**Problem:** Starting at the line that contains "Este elegante e", write out every line through the last one in the records below, word for word. Leave out any pictures.

──────── Exercise material ────────

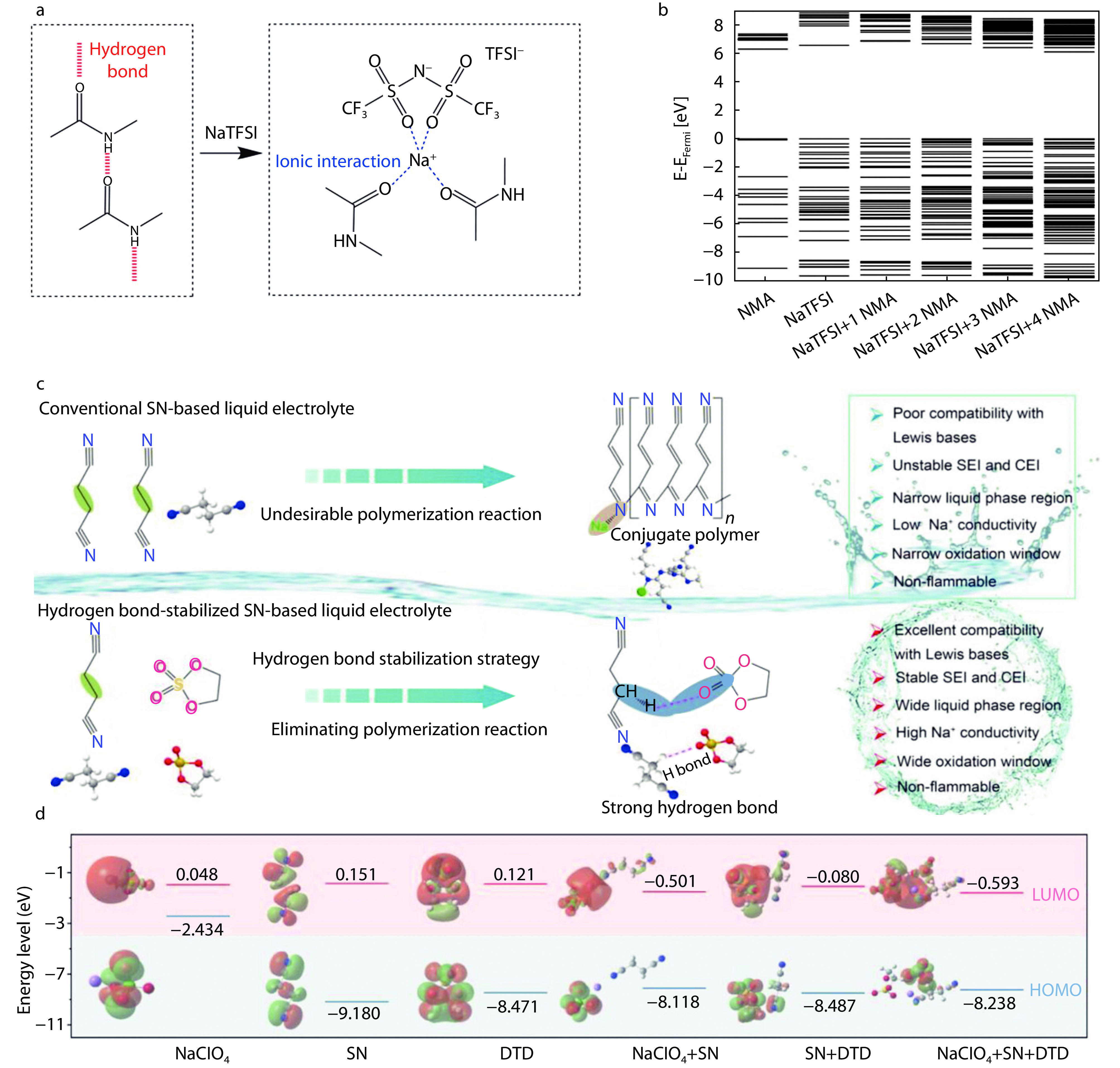 a Schematic representation of the replacement of intermolecular hydrogen bonds between NMA molecules by ionic interactions in DESs. b Electronic band structure of gas-phase molecules and clusters around the HOMO−LUMO gap. The HOMO is aligned to zero for all systems.[83] Copyright 2022, Wiley-VCH. c Schematic illustration of electrolyte design. d LUMO/HOMO values of NaClO4, SN, DTD, and their mixtures.[84] Copyright 2024, Wiley-VCH.
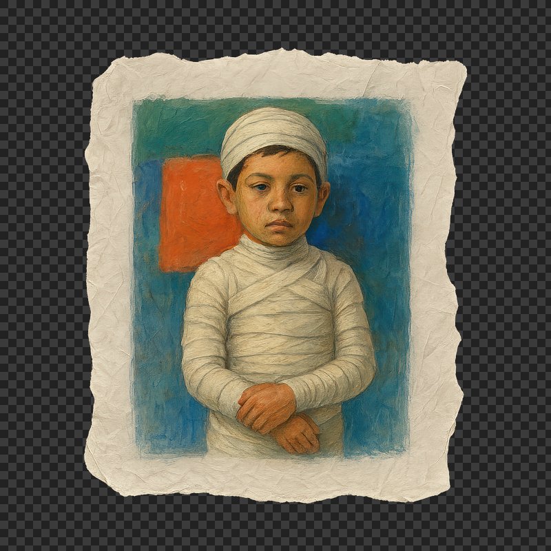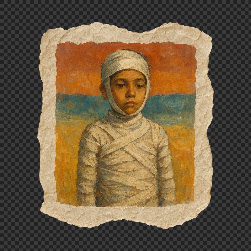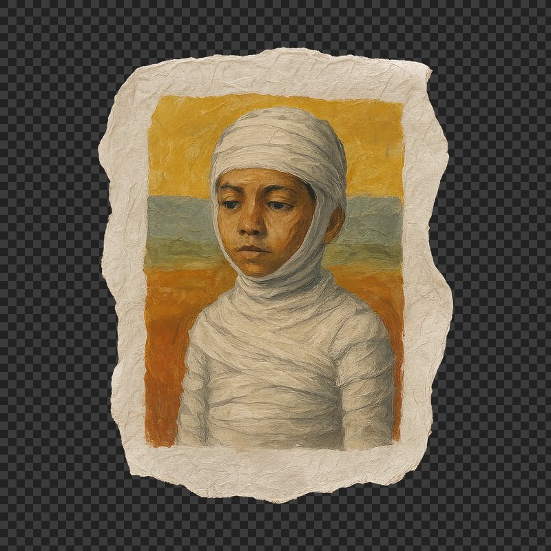 PNG Surreal portrait of bandaged child https://www.rawpixel.com/image/24121892/png-surreal-portrait-bandaged-childView license
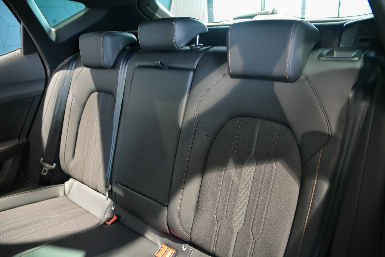 - Sportowe fotele przednie, tapicerka materiałowa ze skórą ekologiczną z przeszyciem w kolorze miedzi
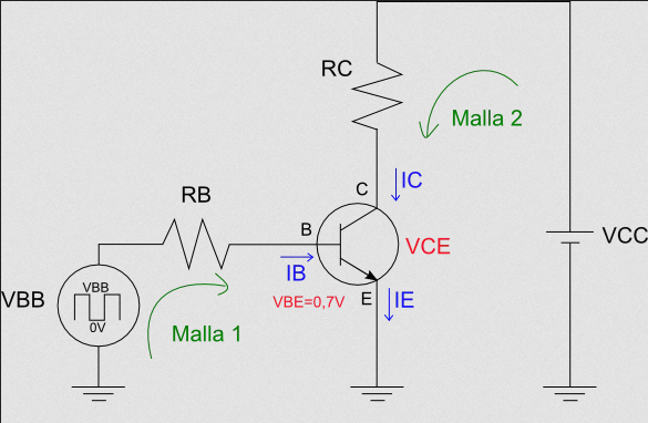 Como resultado de la polarización en un transistor se producen tres corrientes: la de base (Ib), la de emisor (Ie) y la de colector (Ic). Debido a que la unión BE está polarizada directamente, los portadores mayoritarios de ambas regiones son obligados por el voltaje VBB a cruzar la unión y
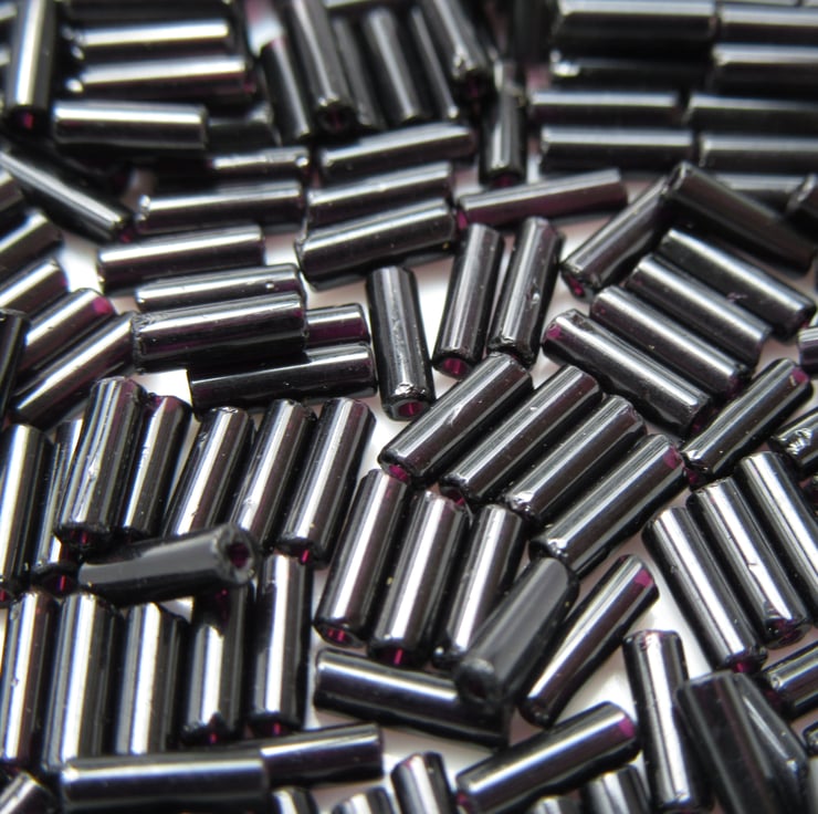 Black bugle beads, deep purple against a bright backlight.
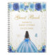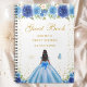 Este elegante e glamouroso e doce livro de convidados apresenta uma bela princesa com cabelo escuro e pele escura num vestido azul de bola. O texto combina o script manuscrito e as fontes sans serif modernas para um aspecto elegante e sofisticado. Os arranjos florais, borboletas e confete de ouro criam a mistura perfeita de rústicos e quicos. Gráficos por www.etsy.com/uk/shop/SunflowerDayLove
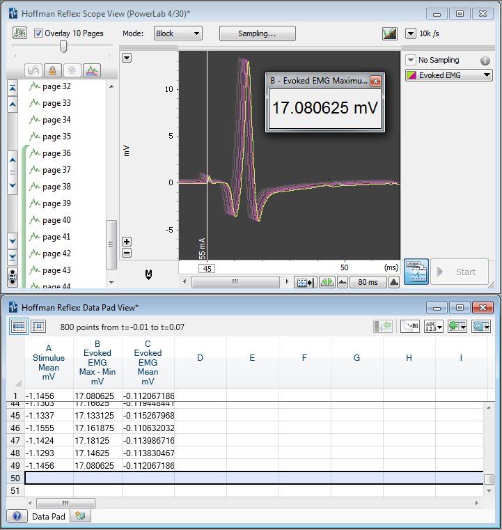 LabChart 7 for Windows and LabChart 8 for Mac have an integrated Scope View option for overlaying and averaging individual waveforms. This is ideal for looking at triggered events or stimuli as the Scope view can be set-up based on three options;
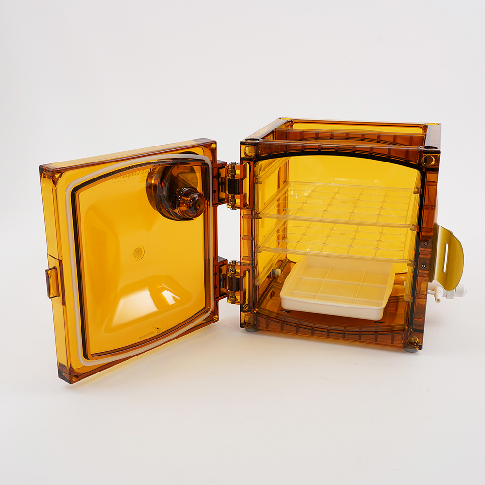 ●材質:本体・棚板/PC(ポリカーボネート)、シリカゲル皿/PP(ポリプロピレン)、パッキン/シリコンゴム

────────

**Response:**
 Este elegante e glamouroso e doce livro de convidados apresenta uma bela princesa com cabelo escuro e pele escura num vestido azul de bola. O texto combina o script manuscrito e as fontes sans serif modernas para um aspecto elegante e sofisticado. Os arranjos florais, borboletas e confete de ouro criam a mistura perfeita de rústicos e quicos. Gráficos por www.etsy.com/uk/shop/SunflowerDayLove
 LabChart 7 for Windows and LabChart 8 for Mac have an integrated Scope View option for overlaying and averaging individual waveforms. This is ideal for looking at triggered events or stimuli as the Scope view can be set-up based on three options;
 ●材質:本体・棚板/PC(ポリカーボネート)、シリカゲル皿/PP(ポリプロピレン)、パッキン/シリコンゴム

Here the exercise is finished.